Carnevale, feste, tradizioni e lavoroCarnevale, feste, tradizioni e lavoro

Ciclo del grano

Ciclo dei foraggi

Ciclo del granoturco o mais


Concimazione

La parte della stoppia destinata alla semina del granturco veniva concimata col letame della stalla.

Il letame, trasportato col biroccio, veniva scaricato in file di mucchi e poi sparso coi forconi.

Aratura

L'aratura veniva eseguita fra luglio e agosto con l'aratro di ferro trainato da due paia di vacche.

Dopo le piogge autunnali il maggese poteva essere usato per la semina dei foraggi invernali o (da poco prima della seconda guerra) per la coltivazione del cavolfiore.

Semina

In aprile il granoturco, scelto dal raccolto dell'anno precedente, veniva seminato in solchi tracciati con l'aratro di legno e poi ricoperto col terreno prelevato a zappate ai lati dei solchi, lasciando una cresta di terreno fra un solco e l'altro.

A intervalli, unitamente ai semi di granoturco, si seminavano "poste" di fagioli o di ceci e, a maggiore distanza, semi di zucche gialle, da cuocere gratinate, verdi o mature, e da conservare per l'inverno come cibo per il maiale (i semi si mangiavano salati e abbrustoliti o si vendevano allo straccivendolo).

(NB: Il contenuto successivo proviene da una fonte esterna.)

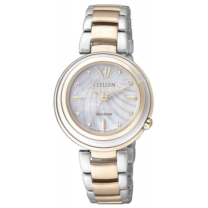 Citizen Damenuhr Elegant Eco-Drive EM0335-51D. Ausstattung / Details: Eco-Drive Antrieb; 180 Tage Gangreserve; Edelstahlgehäuse; Massives Edelstahlarmband; Sicherheitschließe; Perlmuttzifferblatt; Saphirglas; WR 5 bar; Höhe: 7 mm; Durchmesser: 30 mm; Gewicht: 62 g.| Uhr Informationen | |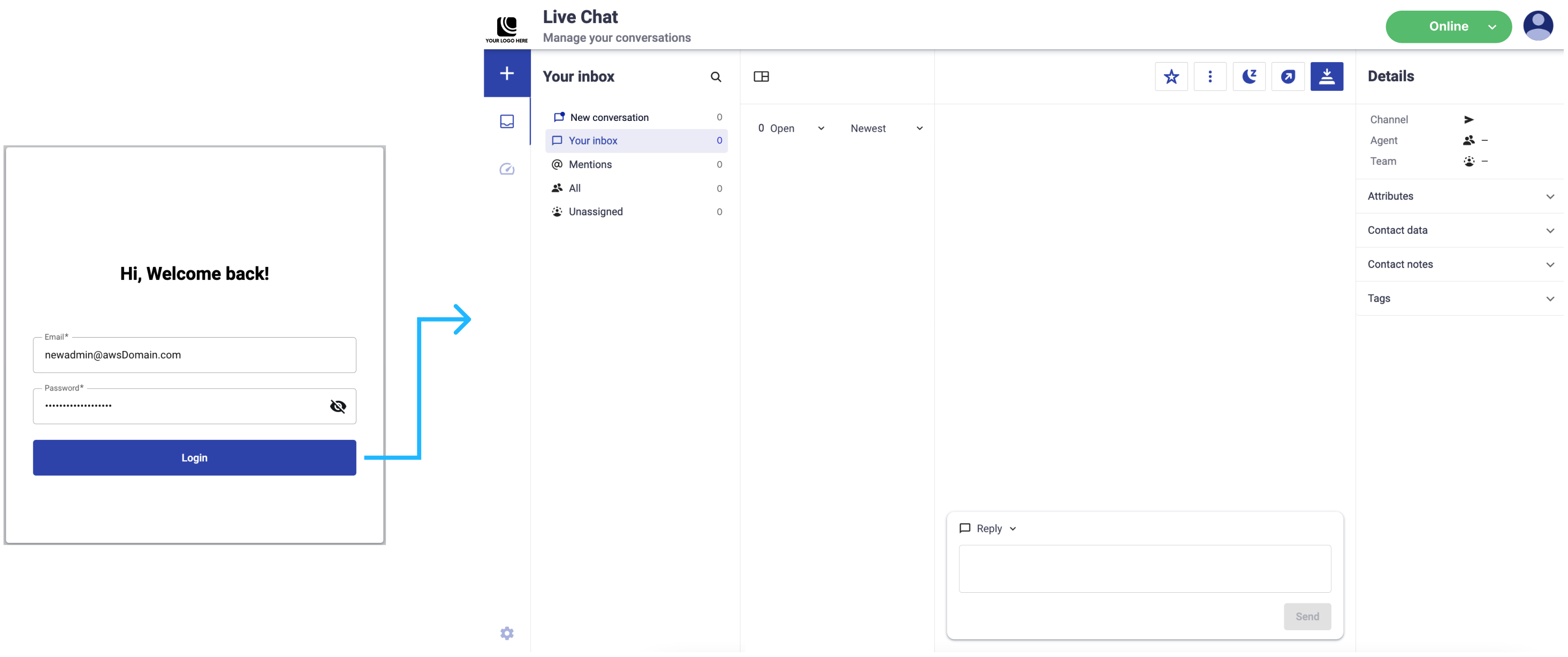 - The admin can use the same credentials (email and password) of the space to log in to the Live Chat.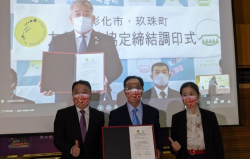 【焦點時報/記者林明佑報導】為歡慶彰化市國定古蹟-扇形車庫興建百週年,彰化市長林世賢與日本大分縣玖珠町(「町」相當於台灣的鄉鎮市)町長宿利政和,2日透過視訊共同簽署「友好交流協定」,玖珠町議會議長大野元秀、日本眾議院議員衛藤徵士郎秘書-衛藤陽平與我國駐日代表謝長廷大使都在線上見證,牽起兩市締盟紅線的台北駐福岡經濟文化辦事處處長陳銘俊,亦在線上協助促成此次的簽約;彰化市民代表會主席...... [閱讀更多]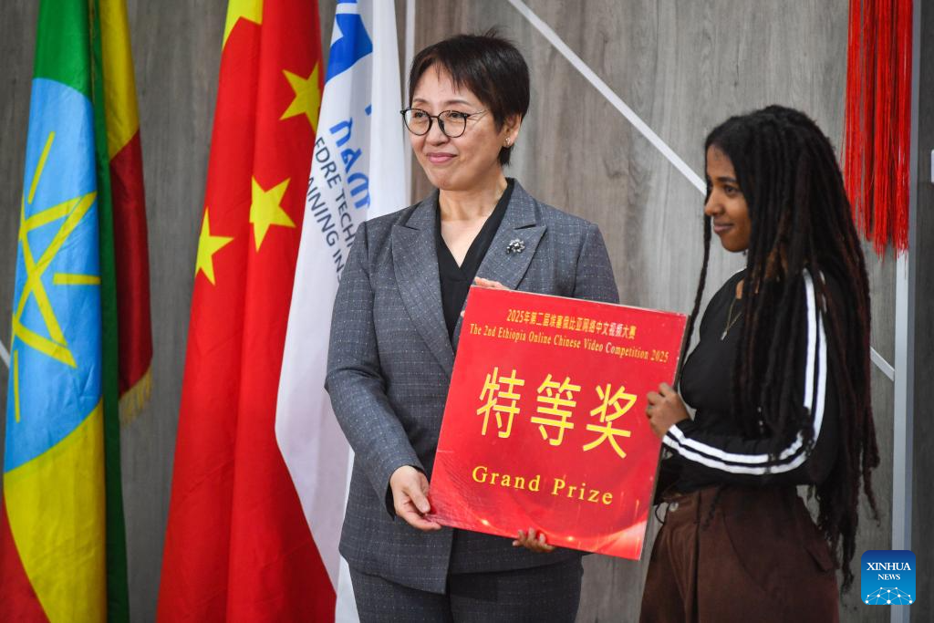 Zhang Yawei (L), cultural counselor at the Chinese Embassy in Ethiopia, presents a prize to a winner at an award ceremony of the Second Ethiopia Online Chinese Video Competition, in Addis Ababa, Ethiopia, on Dec. 11, 2025. The Chinese Embassy in Ethiopia on Thursday announced winners of the Second Ethiopia Online Chinese Video Competition at a ceremony held at the Ethiopian Technical and Vocational Training Institute in Addis Ababa. (Photo by Michael Tewelde/Xinhua)
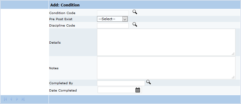 - Condition Code: Use the Lookup icon to select a condition code.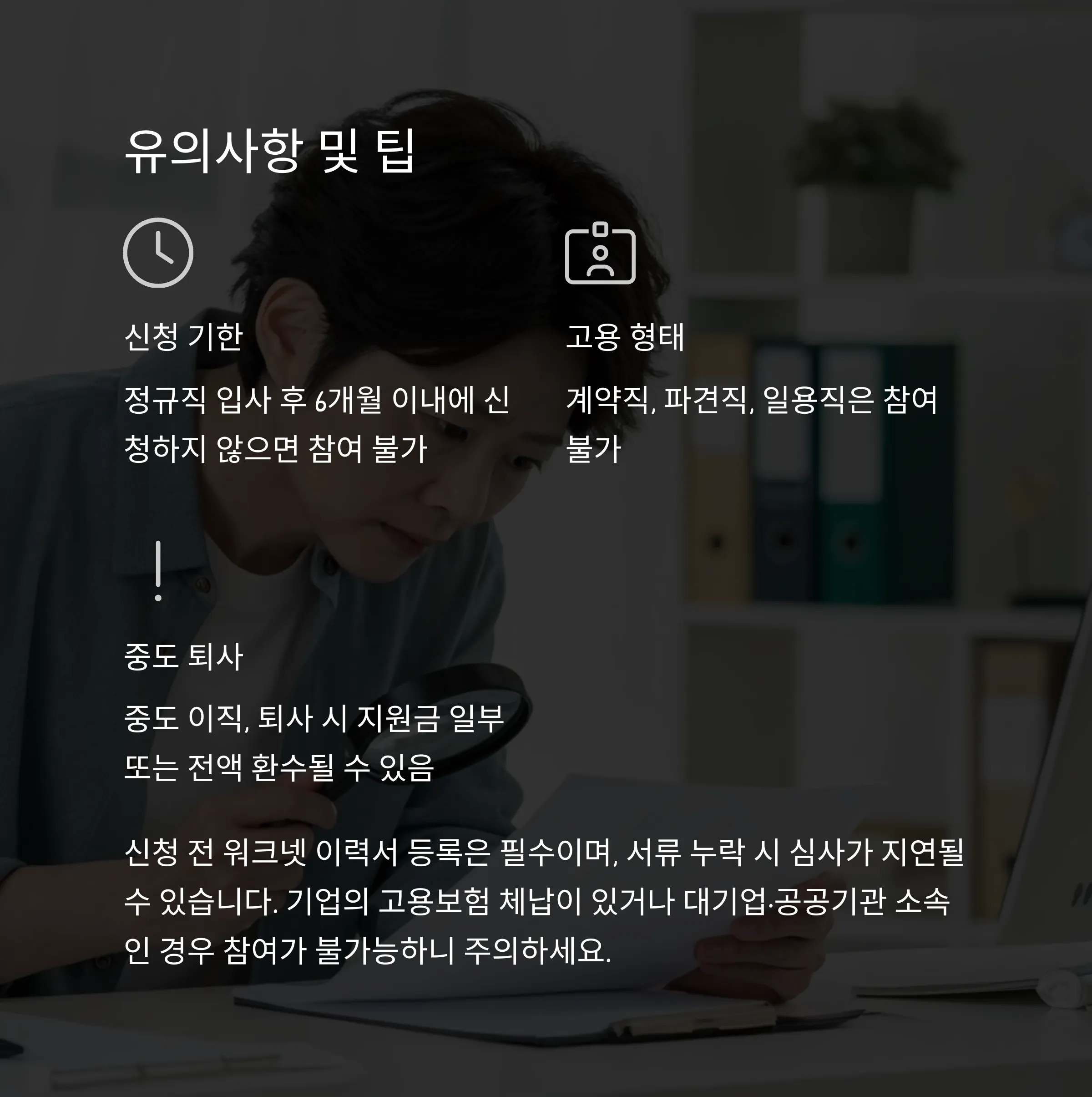 - 신청 전 워크넷 이력서 등록 필수, 서류 누락 시 심사 지연 가능
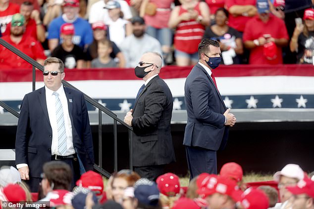 At these rallies, agents stand between the president and his supporters, many of whom are not wearing face masks and who don’t practice social distancing. While Trump stands on a stage above and away from the crowd, several agents stand in the pit between the stage area and supporters. They also fan out to work the perimeter.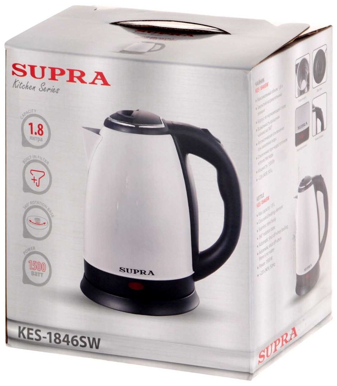 Чайник SUPRA KES-1846SW, 1,8л, 1500Вт, металл

Qualche solco veniva riservato al granoturchetto da foraggio, alla meliga per le granate, alla canapa per il filo e le corde.

Nascosta in un campo di granoturco non mancava mai una radura coltivata a meloni e ad angurie.

Sarchiatura

La zappatura, eseguita quando le piantine avevano già le prime foglioline, serviva per eliminare le erbe infestanti, per demolire le creste dei solchi, per diradare le piantine e rincalzarle.

Un secondo rincalzo veniva eseguito più tardi mediante un aratro di legno a due versoi (la "rata").

Cimatura

In estate, a maturazione delle pannocchie avviata, prima si tagliavano i "pennacchi" in alto, poi si tagliavano o si rompevano le "cime" al primo nodo sopra le pannocchie.

Pennacchi, cime e, per ultime, le foglie del gambo strappate a mano, servivano da foraggio fresco o secco.

Raccolta

Per primi venivano raccolte le piante dei fagioli (gialli), e dei ceci e le zucche.

Verso la fine di agosto venivano raccolte le pannocchie secche che poi venivano trasportate sull'aia col biroccio per scartocciarle ("scanafujâ").

Le bratee ("scanafòj") servivano da foraggio secco.

Le pannocchie più grosse e sane (non rose dalle larve della piralide) venivano lasciate per il seme (due brattee, fatte attorcigliare ruotando la pannocchia, venivano legate in modo da lasciare un occhiello entro il quale veniva fatto passare un filo di ferro per formare una "rocciata" da appendere ed essiccare sotto una tettoia).

Sgranatura

La sgranatura poteva essere eseguita a mano col forello o con l'apposita trebbiatrice a motore che passava di podere in podere; il granoturco veniva misurato in copponi che venivano versati sull'aia ad essiccare (al termine della trebbiatura si contavano i monticelli per calcolare quanti copponi spettavano al trebbiatore).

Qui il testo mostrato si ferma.